There are three people sitting in a room, all with infallible powers of logic. Each logician has a unique number greater than 0 on their forehead. One number is the sum of the other two numbers. You see a logician with the number 20 and one with the number 30. The game master goes around in the circle, and asks each logician what their number is. Each logician says he or she cannot guess his number the first time around. Then they ask the question again. What is your number, and why?

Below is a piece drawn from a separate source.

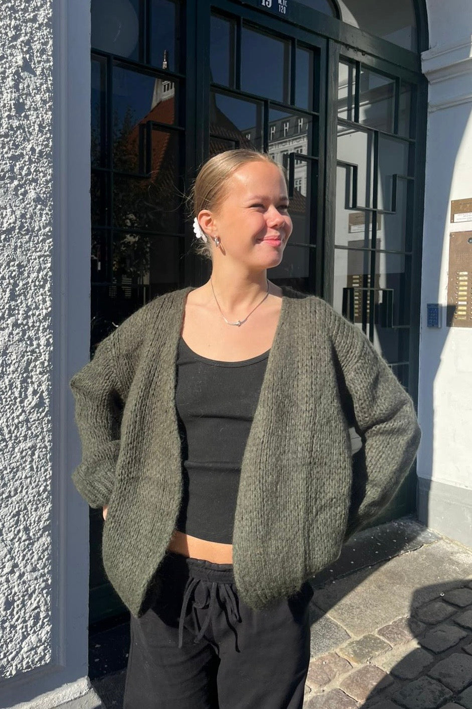 Classic cardigan with an oversized, relaxed silhouette. Thick, warm, soft, cuddly, and silky to the touch. Creates a casual and cosy look. The open cardigan fits well with jeans, trousers, or with a skirt or a light dress. Thanks to the mohair blend, the cardigan is comfortable to wear in any weather. Comes in various colours.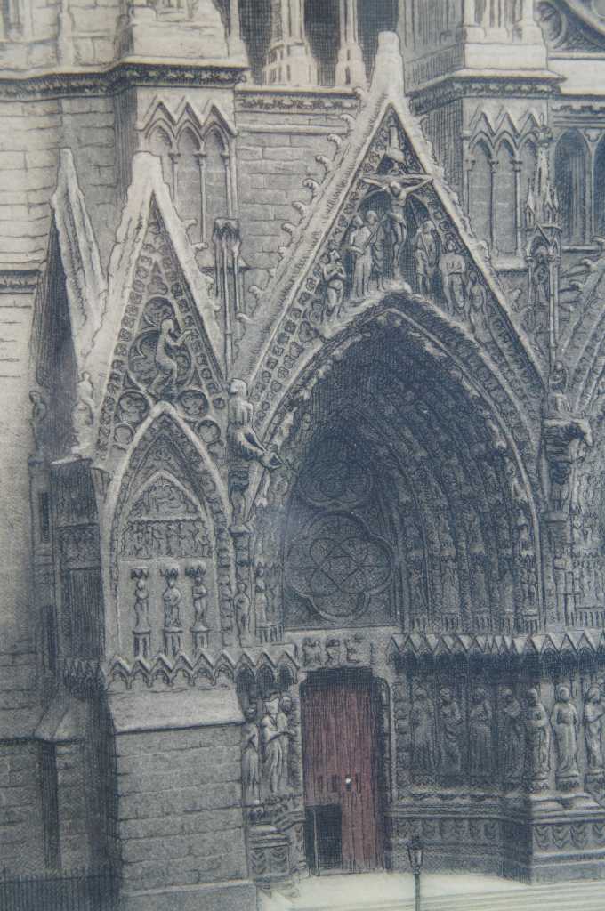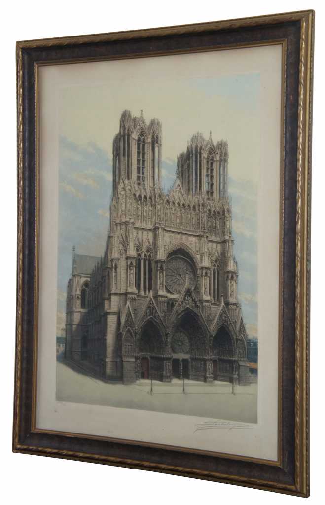 "Antique colored etching of Rheims (Reims) Cathedral by Victor Valery Lochelongue 1870-1930, limited edition 152/380.

**ANSWER: ***It depends on what the third person says on the first round.*

*Assume the other two logicians are 20 and 30 again. If the first logician is 10, then the second logician will either say, “I’m either 40, or 20.” The second logician will say, “I am either 30, or 10, but I can’t be 10 because every number has to be unique.” If the third logician should be able to deduce he is 30, but the third logician couldn’t figure out what number is on his or her forehead. So the first logician does not have a 10 on his or her forehead — so it must be 50.*

**7. You have 100 light bulbs lined up in a row…**

100 light bulbs line up in a row are turned on in the first pass. Then you switch every other light bulb. So all even-numbered light bulbs are turned off. Then you switch every third light bulb. Any light bulb that was off is turned back on, and any light bulb that was already on was shut off.

Then you do it for every fourth bulb, then every fifth bulb. How many light bulbs are on after 100 passes?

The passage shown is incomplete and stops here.